From the world's leading authority on Bob Dylan comes the definitive biography that promises to transform our understanding of the man and musician—thanks to early access to Dylan's never-before-studied archives.

In 2016, Bob Dylan sold his personal archive to the George Kaiser Foundation in Tulsa, Oklahoma, reportedly for $22 million. As the boxes started to arrive, the Foundation asked Clinton Heylin—author of the acclaimed Bob Dylan: Behind the Shades and 'perhaps the world's authority on all things Dylan' (Rolling Stone)—to assess the material they had been given. What he found in Tulsa—as well as what he gleaned from other papers he had recently been given access to by Sony and the Dylan office—so changed his understanding of the artist, especially of his creative process, that he became convinced that a whole new biography was needed. It turns out that much of what previous biographers—Dylan himself included—have said is wrong.
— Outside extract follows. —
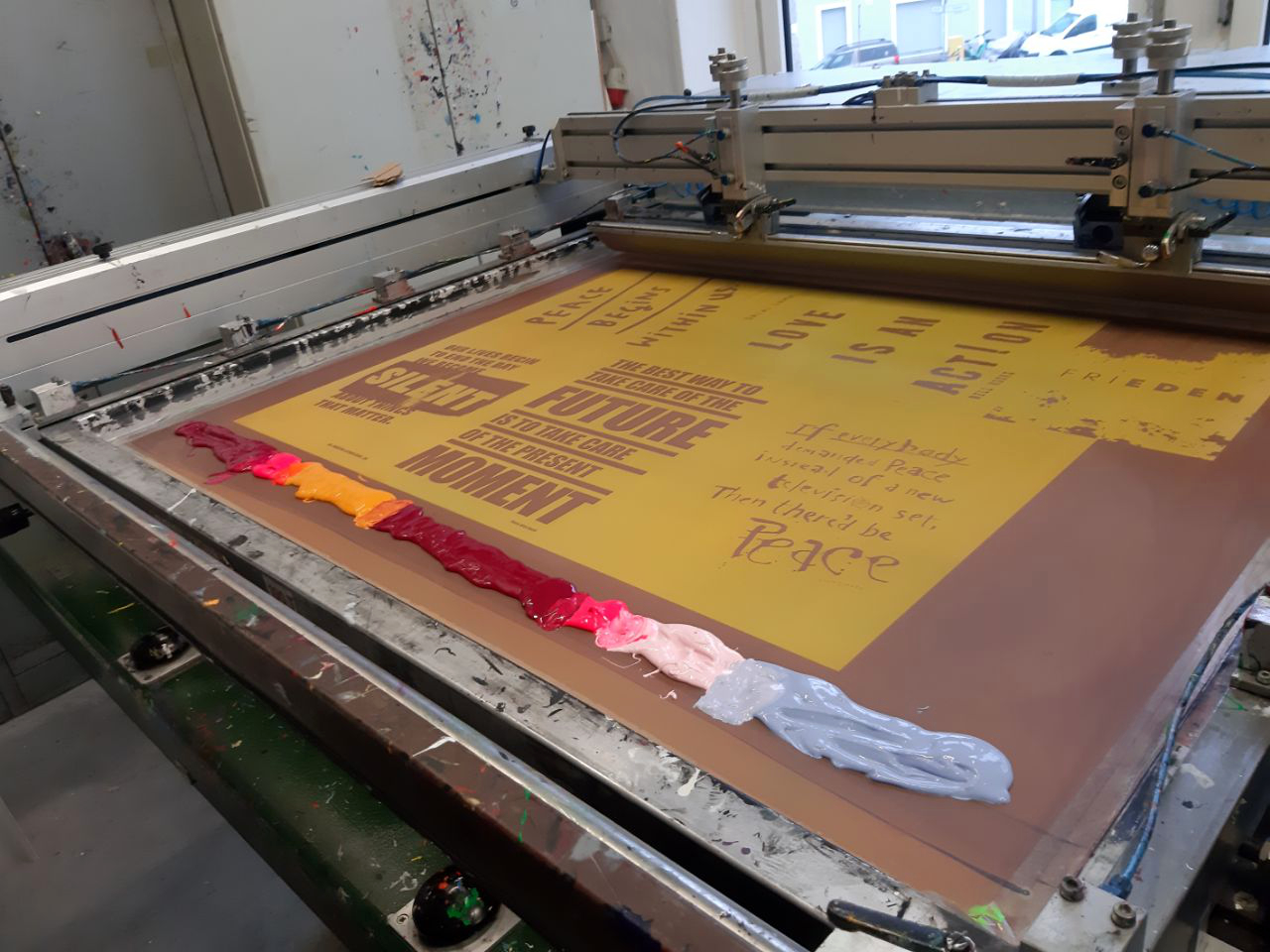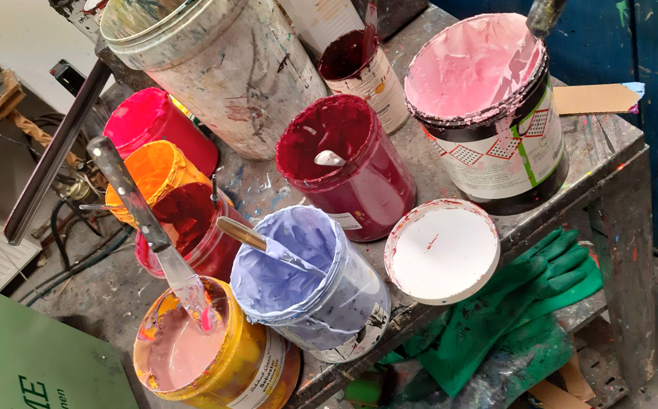 erarbeitete Entwürfe, von denen fünf diese Woche im Siebdruck umgesetzt

With fresh and revealing information on every page A Restless, Hungry Feeling tells the story of Dylan's meteoric rise to fame: his arrival in early 1961 in New York, where he is embraced by the folk scene; his elevation to spokesman of a generation whose protest songs provide the soundtrack for the burgeoning Civil Rights movement; his alleged betrayal when he 'goes electric' at Newport in 1965; his subsequent controversial world tour with a rock 'n' roll band; and the recording of his three undisputed electric masterpieces: Bringing it All Back Home, Highway 61 Revisited and Blonde on Blonde. At the peak of his fame in July 1966 he reportedly crashes his motorbike in Woodstock, upstate New York, and disappears from public view. When he re-emerges, he looks different, his voice sounds different, his songs are different.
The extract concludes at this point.